The party's highest decision-making body, the working committee, unanimously passed the proposal to name the 73-year old veteran politician and former state chief minister as the party's president in a meeting on Tuesday.

Veteran National Conference leader Sharifuddin Shariq proposed the name of Farooq for the post while provincial president Mehboob Beg seconded it, a spokesman of the party told PTI.

He said most of the members of the working committee including newly elected MLA from Kulgam Sakina Itoo, Abdul Rashid Shaheen, the MP from Baramulla, and general secretary of the party Sheikh Nazir Ahmed were present at the meeting.

Farooq, who had been party president even earlier, had handed over the reins of the party to son Omar on the eve of the assembly elections in 2002.

Farooq was first elected to the post of president of National Conference in 1981 when his father, Sheikh Mohammad Abdullah, stepped down as head of the organisation.

Talking to reporters, Farooq said he took over as party chief to "relieve" his chief minister-son Omar Abdullah from additional responsibilities of party work.

"Omar has the gigantic task of taking Jammu and Kashmir on the road to development and progress. As such, it was imperative to relieve him of responsibilities relating to party work," Farooq said.

He said the party intends to restore the headquarters of the party, Mujahid Manzil, in interior city which was shunned by the party in the wake of eruption of militancy over two decades ago.

"We will restore the pristine glory of Mujahid Manzil and use it as our party headquarters as the sentiments of the people are attached to it," he said, adding that the party proposes to revive the old tradition of "meeting the people on each Friday" to know their problems and try to mitigate them.

Mujahid Manzil, or the fortress of the mujahideen, had served as the hotbed of Kashmiri politics during the freedom movement. It also remained the hub of Kashmiri politics during the National Conference's struggle against Dogra autocracy and its subsequent political activities between 1953 and 1990.

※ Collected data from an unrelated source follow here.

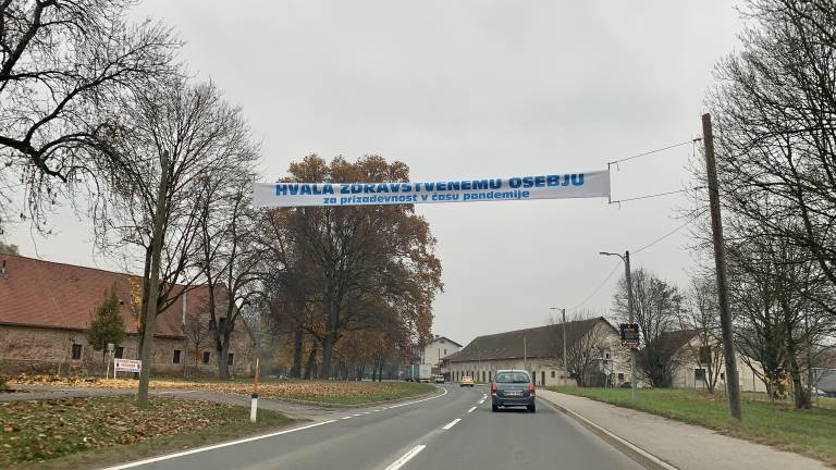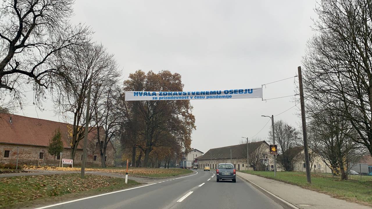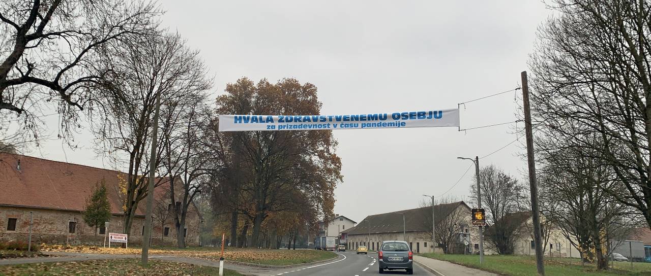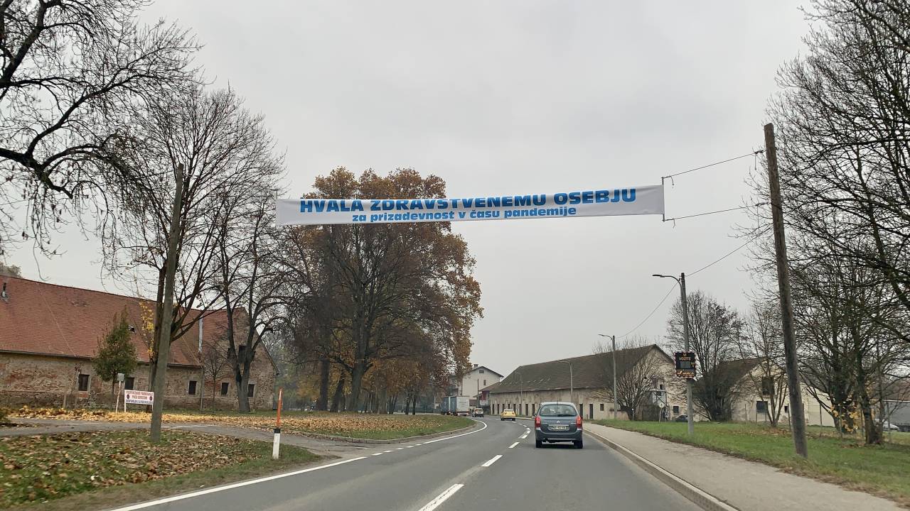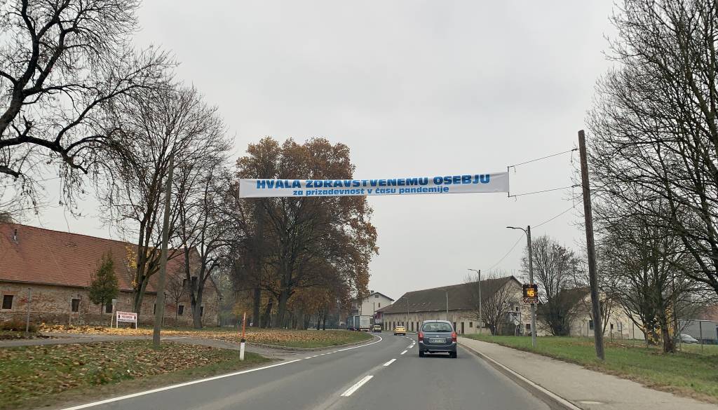 »Hvala zdravstvenemu osebju za prizadevnost v času epidemije,« je napis, ki ga je možno videti izobešenega v neposredni bližini Dvorca Rakičan.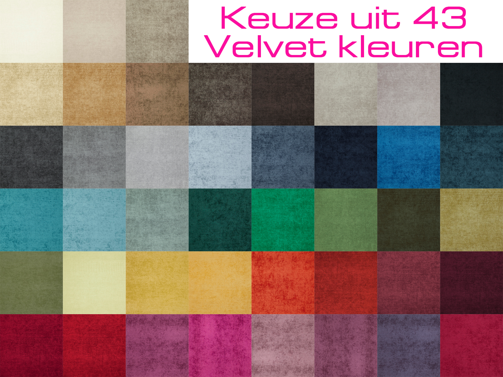 De Velvet serie is beschikbaar in 44 verschillende moderne kleuren. Twijfelt u over de kleur? Bestel dan eerst stofstalen of kom langs in de winkel.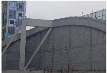待空间曲体梁柱组合架构混凝土达到保养时间后,按规定进行淋水保养。待混凝土达到设计的 100%强度后,拆除模板及其支撑体系。采用塔吊或吊车将拆除的所有材料吊运清除到地面。施工效果如图四。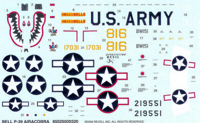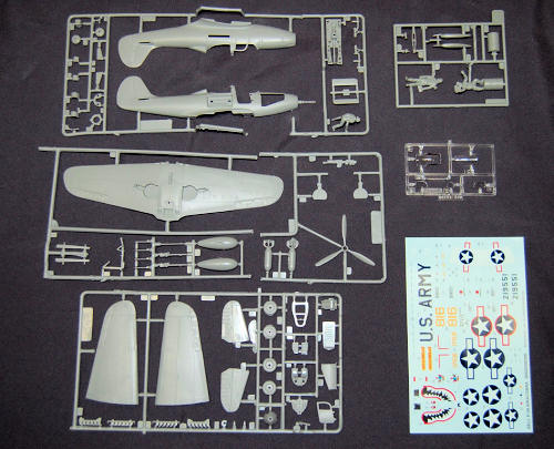 Watch the painting instructions on this kit. If you follow the recommendations, you would be painting the interior in zinc chromate and the landing gear struts in white. (?) P-39 interiors were done in a dull dark green known as Bell Green on everything aside from the engine, guns, and magazines. Also, the exterior paint on the P-400 are USAAF equivalents to the British colors, so don't break out your RAF colors for this version!
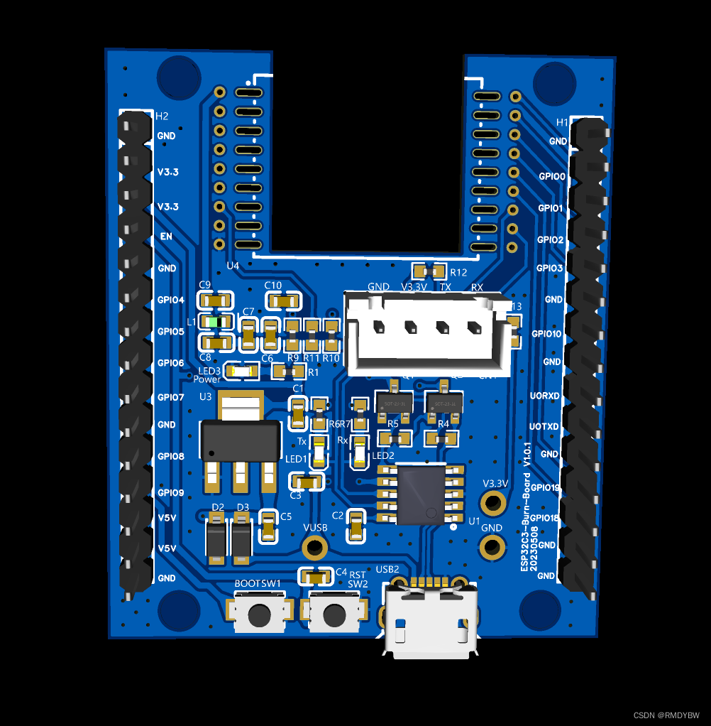 板子如下所示,是基于嘉立创EDA设计的,喜欢的朋友可以私信我(或者到我主页的“下载”中的“ESP32C3-WROOM-02U 开发板&烧录板二合一的制板资料”下载)拿Gerber PCB制板文件和BOM,就可以直接在嘉立创免费制版了。原理图和PCB图不打算开放朋友们可以自己设计。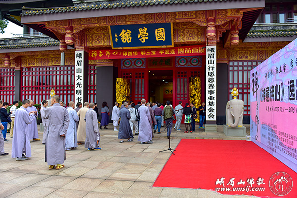 峨眉山佛教网消息:2015年10月1日,郑国伟、郭兰莹、李爱莲《禅意佛心》逸品画展在大佛禅院国学馆举行并举行开展仪式。中国佛教协会副会长、峨眉山方丈永寿大和尚,峨眉山佛教协会副会长心定法师、满霖法师,郑国伟、郭兰莹、李爱莲等来自全国各地的书画家以及峨眉山佛协部份僧职员工参加仪式。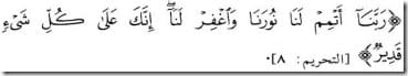 8. “Our Lord! Keep perfect our Light for us [and do not put it off till we cross over the Sirat (a slippery bridge over the Hell) safely] and grant us forgiveness. Verily, You are Able to do all things.”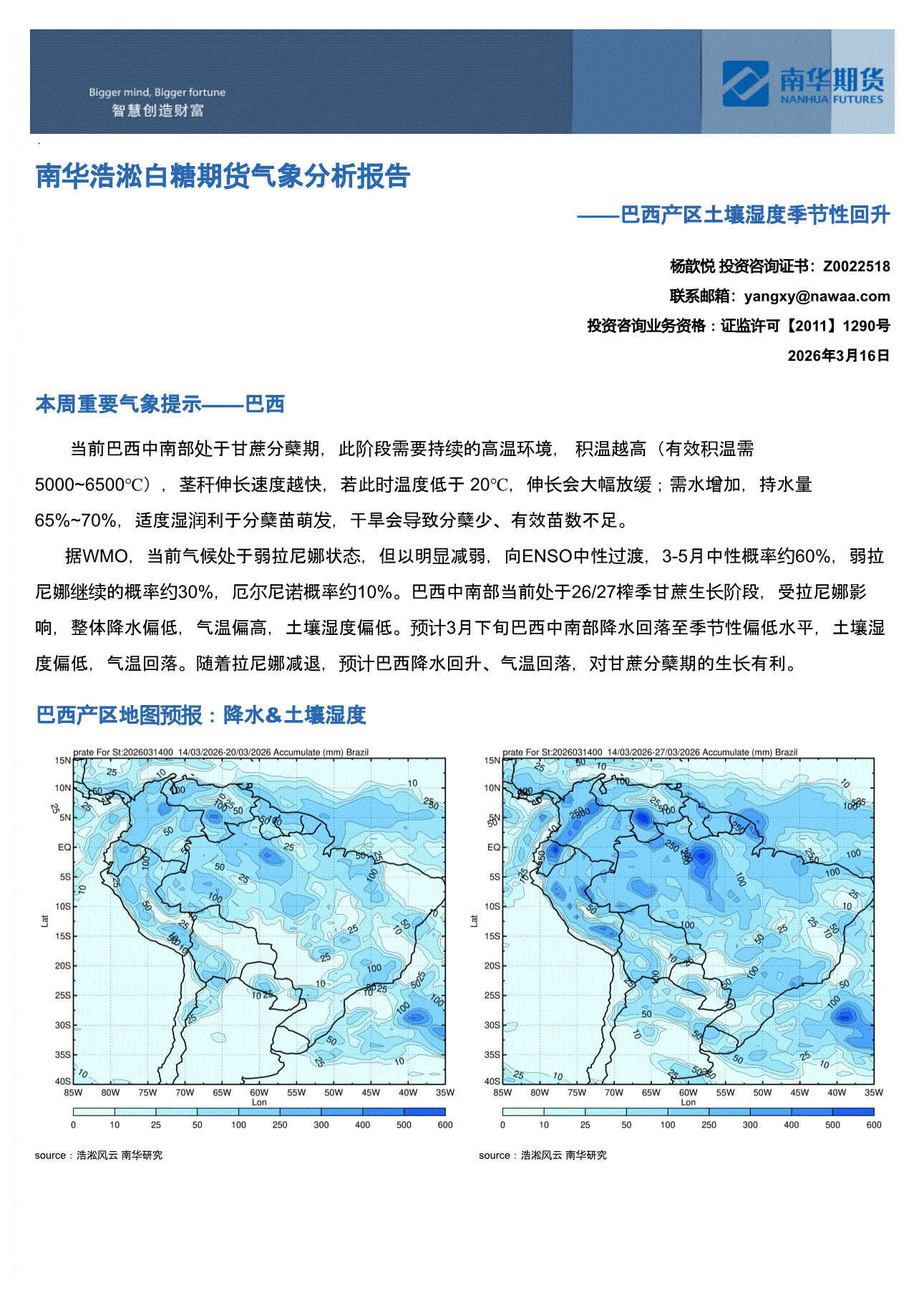 南华期货-浩淞白糖期货气象分析报告:3月上旬巴西中南部产区气温偏低-260302

Located in downtown Srinagar, the erstwhile NC headquarters was set ablaze in 1990 by suspected militants, forcing the party to shift its main office to the high security Nawai Subah complex in the city.

Farooq said the NC-Congress coalition government's priority is to tackle the growing unemployment and speed up development and promote tourism.

To a question about trade between Jammu and Kashmir and Pakistan Occupied Kashmir through the Srinagar-Muzaffarabad road, the former chief minister said such trade would be further strengthened and the ultimate aim was to have trade with Central Asian countries.

He said there was no possibility of war between India and Pakistan in the wake of the Mumbai terror attack  since "war is not going to address the problem. The issue could be resolved through dialogue."

Terming the Kashmir issue as an "unhealed wound", Farooq said the people of Kashmir have faced a lot of misery over the past six decades.

"We will work for harmonious relations between India and Pakistan so that the issue is resolved through dialogue," he said.

He said as far as his party is concerned, the restoration of autonomy was the best solution to the Kashmir problem. However, he said his party will endorse any other better solution if it meets the wishes and aspirations of the people.